A new study by Tel Aviv University points to widespread literacy in Israel in 600 BC. Christopher Rollston offers a summary and reflections. An op-ed at the Jerusalem Post is entitled “Holy Shards.”

The academic article is available to subscribers here.

Three Palestinians were arrested attempting to smuggle a statue of Herod’s wife Mariamne.
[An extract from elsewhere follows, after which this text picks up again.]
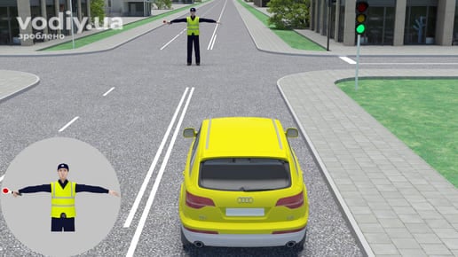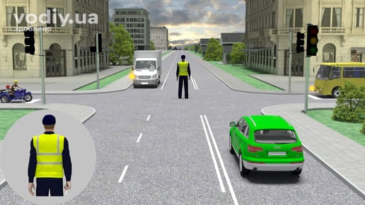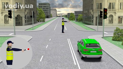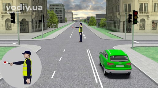 Зелений сигнал світлофора не означає беззастережне право на початок або пріоритет руху. Правилами визначені ситуації, коли водій не може розпочати рух на зелений сигнал світлофора або повинен надати перевагу іншим учасникам перед початком руху. В наступному прикладі рух на зелений сигнал забороняється, оскільки регулювальник подає сигнал, що забороняє рух.

A photo of the statue is here.

The Temple Mount Sifting Project will soon be announcing the discovery of a pendant with the cartouche of Pharaoh Thutmose III.

The Big Picture returns to Palmyra.

Dubai’s plans for the world’s tallest skyscraper are inspired by the hanging gardens of Babylon.

Wayne Stiles goes to Ein Harod to learn how to move from fear to faith.

Yale’s “Old Babylonian Period Mathematical Text” is one of the university’s most-reproduced cultural artifacts.

The Iraqi government is turning Saddam Hussein’s palace in Basra into an archaeological museum.

With Passover around the corner, Haaretz looks at indirect evidence of Israelite presence in Egypt before the exodus.

A Passover sacrifice event will be held on Monday on the Mount of Olives.

Luke Chandler notes that the official website for the Khirbet Qeiyafa excavations has been updated.

The summer excavation of Khirbet el-Maqatir is on and applications are being accepted until April 30.

Ferrell Jenkins and Leon Mauldin are traveling around Israel and sharing photos from their trip.

Filip Vukosavovic has resigned his position as Chief Curator at the Bible Lands Museum Jerusalem.

Now free online: The Bible in Its World: The Bible and Archaeology Today, by Kenneth A. Kitchen.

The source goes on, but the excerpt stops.